- Task prompt
An exact transcription of all the data is required, with every image removed.

- Data extract
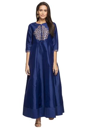 Nature has played muse to several artists over the decades as it also did with renowned designer Gaurav. Gaurav’s clothing line was peculiarly inspired by ‘Kadali-Patram’, meaning banana leaf in Sanskrit. Similar inspirations were also seen in Stanzin’s work who used flowy silhouettes made with a blend of natural fabrics like Pashmina, silk, rayon, and brocade. You too can enjoy the natural comfort of silk with the Shoppers Stop solid A-line silk kurta by Varanga.
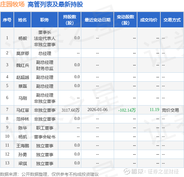 庄园牧场的高管列表及最新持股情况如下:
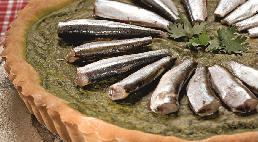 - С основы киша удалите бумагу с бобовыми. Вылейте на выпеченный корж начинку и поместите в духовку на 20 минут. Затем достаньте киш и уложите сверху оставшуюся кильку. Выпекайте еще 5 минут.
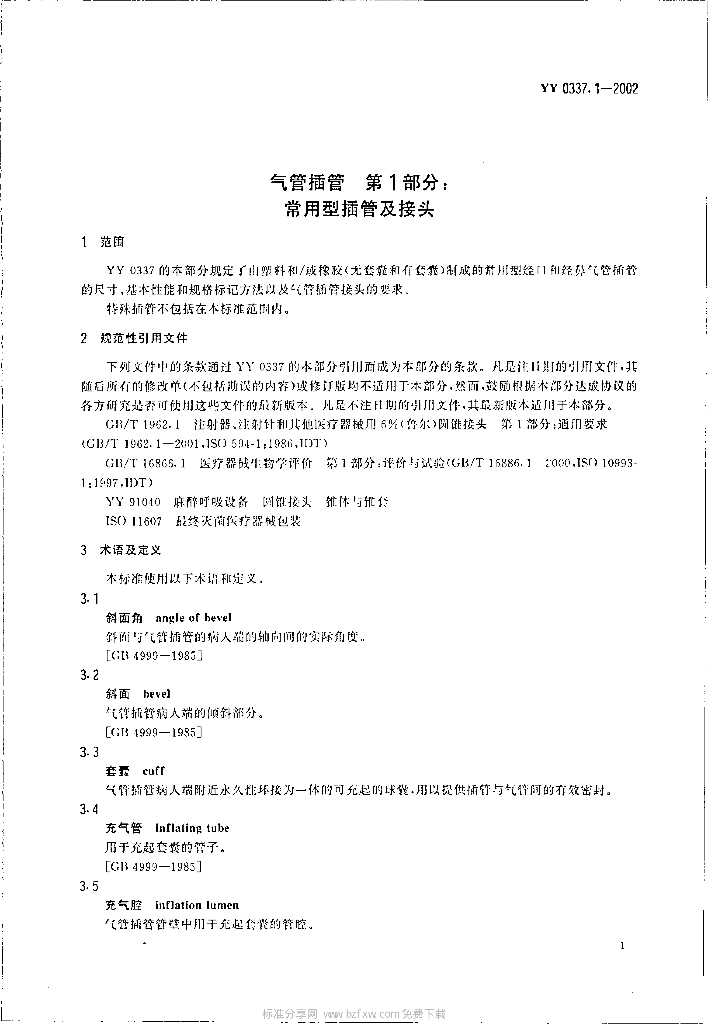YY 0337.1-2002 气管插管 第1部分:常用型插管及接头

- Answer for this exercise
 Nature has played muse to several artists over the decades as it also did with renowned designer Gaurav. Gaurav’s clothing line was peculiarly inspired by ‘Kadali-Patram’, meaning banana leaf in Sanskrit. Similar inspirations were also seen in Stanzin’s work who used flowy silhouettes made with a blend of natural fabrics like Pashmina, silk, rayon, and brocade. You too can enjoy the natural comfort of silk with the Shoppers Stop solid A-line silk kurta by Varanga.
 庄园牧场的高管列表及最新持股情况如下:
 - С основы киша удалите бумагу с бобовыми. Вылейте на выпеченный корж начинку и поместите в духовку на 20 минут. Затем достаньте киш и уложите сверху оставшуюся кильку. Выпекайте еще 5 минут.
YY 0337.1-2002 气管插管 第1部分:常用型插管及接头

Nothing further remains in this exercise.